Adrienne looks annoyed. “There’s five more weeks left. Turn it around.”
I nod. But I have no idea how I’ll convince Cross that now, out of the wild blue, I’ve developed a sincere interest in excelling.
Her eyes meet mine, and then I feel a tickle in the back of my skull. An invitation to link.
I accept it.
“Declan will be your handler. Orders will come from him.”
Her voice fills my head. I’m startled, because it’s one of those rare instances when her head voice sounds almost identical to her speaking voice.
“But just know he’s not calling the shots. Everything comes from the top and gets filtered down to you. Understood?”
“Understood.”
“Have a good night, Darlington.”
She turns and disappears into the tunnel.
I stand motionless for a moment. Then I rub my forehead, wondering what I’ve gotten myself into. I could stay the course, try to fail out. Hope that Cross decides not to send me to the stockade or to face the Tribunal and lets me go back to my ward.
But what is there to go back to?
The ranch is gone. My village is being watched. People like Betima are being executed by an eighteen-year-old prick who’s scared of her. Because that’s what it comes down to. They can spew all the horseshit they want about our blood being toxic and how we’re abominations who shouldn’t exist, but the truth is, they fear us. That’s why they’re trying to get rid of us.
I won’t let that happen.
I won’t watch anyone else I care about get executed.
So. Silver Elite, it is.
Chapter 26
We’re shooting guns in the desert today. Sniper exercises. In other words, my chance to turn things around.
When we ran ops in the city, we took hover-helos, but for the desert we board a speed jet. It’s my first time flying in a plane, which surprises my friends.
“Really? You’ve never been on a plane before?” Lyddie says from the seat next to mine.
“My uncle and I never had the Lux credits to spend,” I admit. “We took the train if we ever needed to travel far distances.”
“Eh, flying’s overrated,” Kaine says from my other side. “You haven’t been missing much.”
“Have you flown a lot?” I ask him.
“A handful of times. My mom liked to use her leisure passes to take us to Heath’s End,” he explains, referring to a small island in the southwest corner of the Continent, near Ward V. “You can only get there by air since there’s nowhere to dock.”
“You’re so lucky. I’ve never seen the ocean,” Lyddie tells him. “My parents like to leisure in the mountains.”

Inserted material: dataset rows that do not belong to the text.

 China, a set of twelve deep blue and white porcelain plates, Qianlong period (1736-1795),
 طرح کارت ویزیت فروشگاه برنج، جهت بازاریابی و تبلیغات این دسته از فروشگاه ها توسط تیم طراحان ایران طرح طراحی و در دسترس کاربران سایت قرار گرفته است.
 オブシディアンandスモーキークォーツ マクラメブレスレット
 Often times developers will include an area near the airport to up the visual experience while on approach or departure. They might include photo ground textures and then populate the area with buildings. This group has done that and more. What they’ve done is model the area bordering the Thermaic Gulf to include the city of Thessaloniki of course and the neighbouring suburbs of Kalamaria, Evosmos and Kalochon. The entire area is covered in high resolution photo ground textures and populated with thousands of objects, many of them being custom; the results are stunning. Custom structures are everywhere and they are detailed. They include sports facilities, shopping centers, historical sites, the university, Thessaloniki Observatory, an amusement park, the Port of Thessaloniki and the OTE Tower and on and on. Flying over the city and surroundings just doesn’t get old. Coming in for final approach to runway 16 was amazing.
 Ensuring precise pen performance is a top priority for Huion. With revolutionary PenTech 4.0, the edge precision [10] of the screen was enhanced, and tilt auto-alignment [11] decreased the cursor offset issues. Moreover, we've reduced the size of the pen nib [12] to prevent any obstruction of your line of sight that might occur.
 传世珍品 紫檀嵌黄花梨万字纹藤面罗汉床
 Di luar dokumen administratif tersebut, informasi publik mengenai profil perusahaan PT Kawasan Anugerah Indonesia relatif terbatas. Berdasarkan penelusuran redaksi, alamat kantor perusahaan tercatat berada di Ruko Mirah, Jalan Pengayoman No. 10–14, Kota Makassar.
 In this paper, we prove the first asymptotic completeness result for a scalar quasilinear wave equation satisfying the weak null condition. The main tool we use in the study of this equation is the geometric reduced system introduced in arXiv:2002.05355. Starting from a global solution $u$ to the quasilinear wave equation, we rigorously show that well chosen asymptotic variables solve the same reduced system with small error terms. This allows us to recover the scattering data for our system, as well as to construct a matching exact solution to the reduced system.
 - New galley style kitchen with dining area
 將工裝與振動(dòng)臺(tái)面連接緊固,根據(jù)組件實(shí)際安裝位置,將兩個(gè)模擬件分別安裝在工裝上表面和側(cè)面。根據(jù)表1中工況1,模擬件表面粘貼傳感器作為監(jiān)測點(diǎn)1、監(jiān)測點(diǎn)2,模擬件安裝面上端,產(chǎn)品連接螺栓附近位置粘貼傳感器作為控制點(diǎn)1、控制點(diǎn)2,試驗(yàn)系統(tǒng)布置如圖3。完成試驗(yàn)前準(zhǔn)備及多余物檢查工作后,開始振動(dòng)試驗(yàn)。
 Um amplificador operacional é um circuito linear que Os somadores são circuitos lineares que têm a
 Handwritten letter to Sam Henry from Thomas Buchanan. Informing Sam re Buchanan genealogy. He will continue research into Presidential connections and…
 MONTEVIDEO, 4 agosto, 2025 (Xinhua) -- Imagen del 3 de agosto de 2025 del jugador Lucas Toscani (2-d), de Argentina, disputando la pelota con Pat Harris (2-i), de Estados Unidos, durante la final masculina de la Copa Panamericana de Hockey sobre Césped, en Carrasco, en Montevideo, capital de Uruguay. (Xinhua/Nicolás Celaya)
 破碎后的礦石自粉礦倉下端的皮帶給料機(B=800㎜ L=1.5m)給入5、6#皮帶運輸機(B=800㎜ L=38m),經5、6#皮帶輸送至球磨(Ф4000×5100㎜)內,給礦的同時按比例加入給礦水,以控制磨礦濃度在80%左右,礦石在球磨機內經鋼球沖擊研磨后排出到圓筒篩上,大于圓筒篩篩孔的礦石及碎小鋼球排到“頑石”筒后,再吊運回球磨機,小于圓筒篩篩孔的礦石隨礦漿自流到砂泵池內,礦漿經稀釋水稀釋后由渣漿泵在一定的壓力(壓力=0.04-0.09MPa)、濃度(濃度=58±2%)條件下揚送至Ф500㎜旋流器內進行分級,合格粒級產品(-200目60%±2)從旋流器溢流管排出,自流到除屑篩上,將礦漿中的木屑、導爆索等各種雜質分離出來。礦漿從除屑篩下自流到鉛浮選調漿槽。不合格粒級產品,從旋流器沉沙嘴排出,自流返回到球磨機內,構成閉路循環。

“I love the ocean,” Kaine says. “Although the first time I flew overit, I got the most intense motion sickness and threw up all over my mother.”
I snort. “Sexy.”
He bends toward me so he can whisper in my ear. “Sneak into my bed tonight and I’ll show you sexy.”
A shiver runs through me. Oh boy. It’s been a few days since my grief-fueled visit to Kaine’s bed, and other than the morning after, this is the first time he’s bringing it up. I don’t think he told anyone, because I haven’t heard any whispers or received any questions. Me, I didn’t breathe a word of it, not even to Lyddie. She would tease me relentlessly if she found out I made out with Kaine. In the barracks, no less.
I can’t say I’m against it happening again, but not in a roomful of other people. And certainly not as a way to forget that one of our friends was killed.